A new report from Zillow, the real estate company, forecasts that home valuations will have seen a nearly 6% spike this year by 2023's end. And it expects the trend to continue with even higher home value growth predicted for 2024.
That's likely good news for current owners who would see their home equity rise, but it doesn't bode well for potential buyers to come.
What the data says
Zillow now predicts that home values will have risen by an average of 5.8% between January and the end of this year. Moreover, the company predicts that home values will increase by an average of 6.5% between July 2023 and July 2024.
This forecast, according to Zillow, is due in large part to a dearth of inventory of homes for sale. Compared to July 2019, the past month saw half as many homes on the market.
Zillow is forecasting a total of 4.2 million home sales in 2023 — a 17% decline from the year before. This lack of inventory is fueling a supply and demand crunch that has property values rising.

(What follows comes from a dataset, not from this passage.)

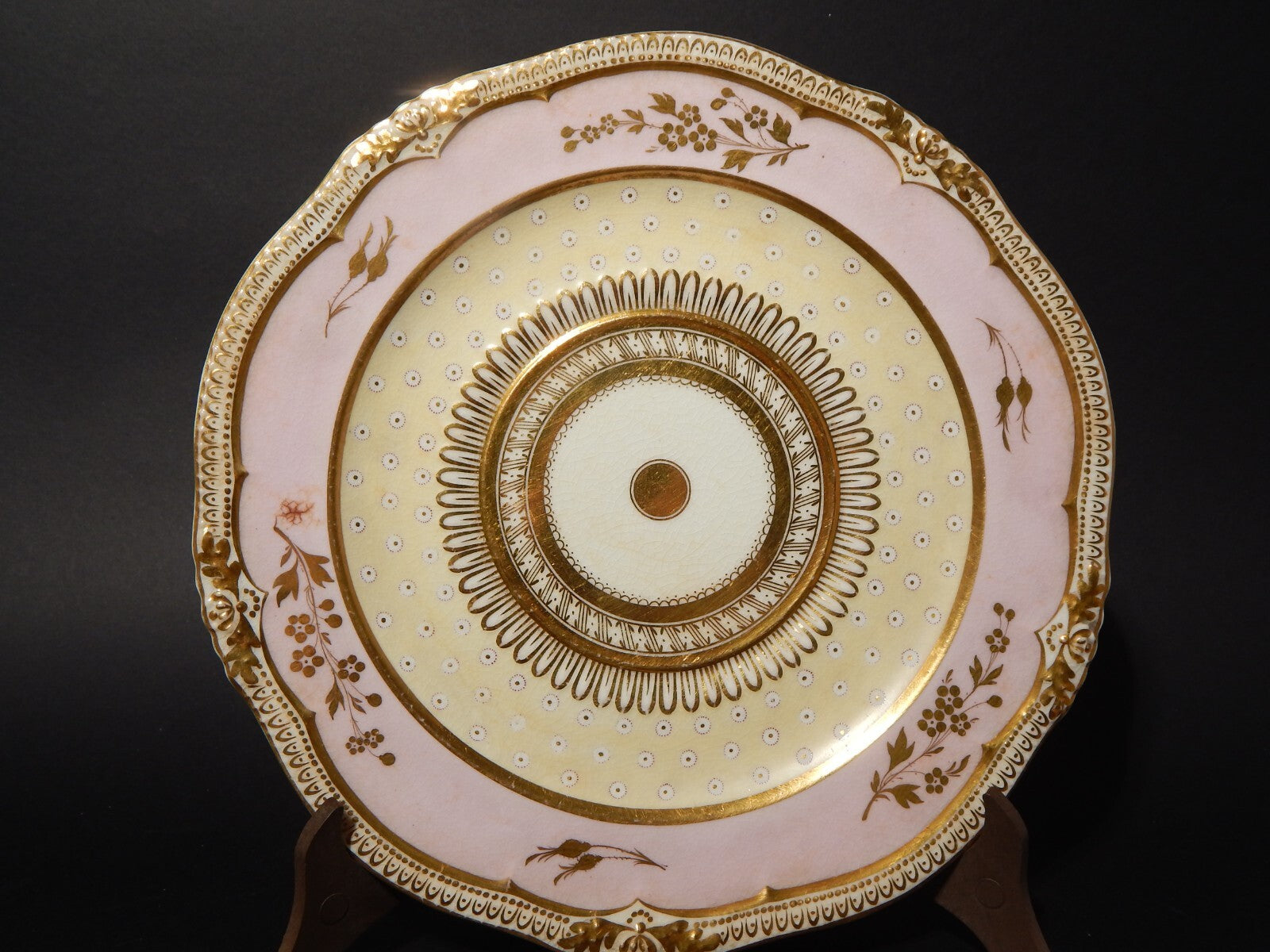 ANTICO REGENCY RARO PREZIOSO PIATTO PORCELLANA INGLESE DECORO ROSA E ORO

Mind you, Zillow's estimates — helpful as they can be — are still just estimates. The valuations made by the company are not necessarily indicative to how much a given home would actually sell for, but rather meant to give a rough idea.
Keep in mind
While Zillow's predictions take stock of the current real estate landscape, much of the near future for home sales will be dictated by the Federal Reserve. Ongoing Fed interest rate policy has been the single most influential factor on housing inventory, and will continue to be so in the near future.
The Fed's interest rate hikes, occurring monthly since March 2022 before pausing briefly this past June, have increased borrowing costs for banks. This trickles down to homebuyers and owners alike in the form of elevated mortgage rates.
Mortgage rates, now at a two-decade high, are a massive cost for buyers already beleaguered by high prices on houses. They're also a burden on owners who have much lower mortgage rates they don't want to let go of, trapping them in properties that they might otherwise sell. Thus, a vicious cycle ensues: owners don't sell to avoid taking on a higher mortgage rates; their hesitance leads to a lack of inventory; and the lack of inventory pushes home values and then prices still upward.
If the Fed eases or reverses on its rate hikes, it's likely that mortgage rates will become more favorable once again, providing owners with more incentive to sell. That would provide buyers with enough inventory to pick from so that home prices could eventually decline or at least level off.
However, the Fed likely won't hit the brakes on interest rates until it navigates still-inflated prices that plague consumers' day-to-day spending. It's anybody's guess when the central bank gives in on its rate hikes, but Zillow seems certain that it won't be for at least the next 12 months.